> YOUR OBJECTIVE
Write down the listing again exactly as it appears below, without its pictures.

> SUPPLIED DATA
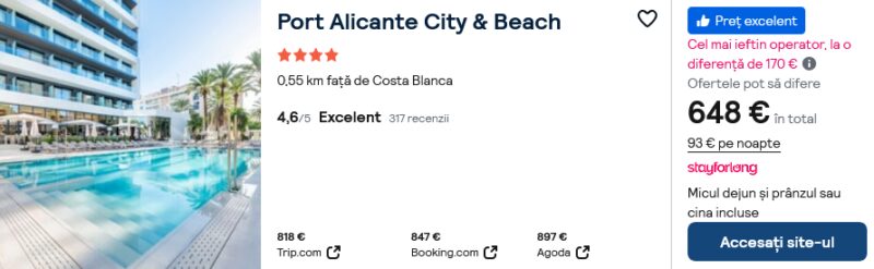 387 €/pers. (zbor si cazare Port Alicante CIty & Beach )
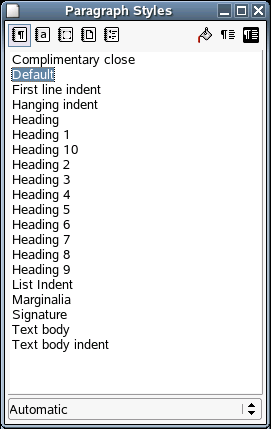 Click to open the Style Catalog, which you can use to create, edit, and manage the formatting styles used by OpenOffice.org.
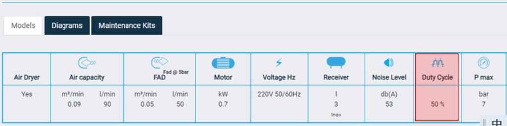 空壓機Duty Cycle運轉負荷能力

> SOLUTION
 387 €/pers. (zbor si cazare Port Alicante CIty & Beach )
 Click to open the Style Catalog, which you can use to create, edit, and manage the formatting styles used by OpenOffice.org.
 空壓機Duty Cycle運轉負荷能力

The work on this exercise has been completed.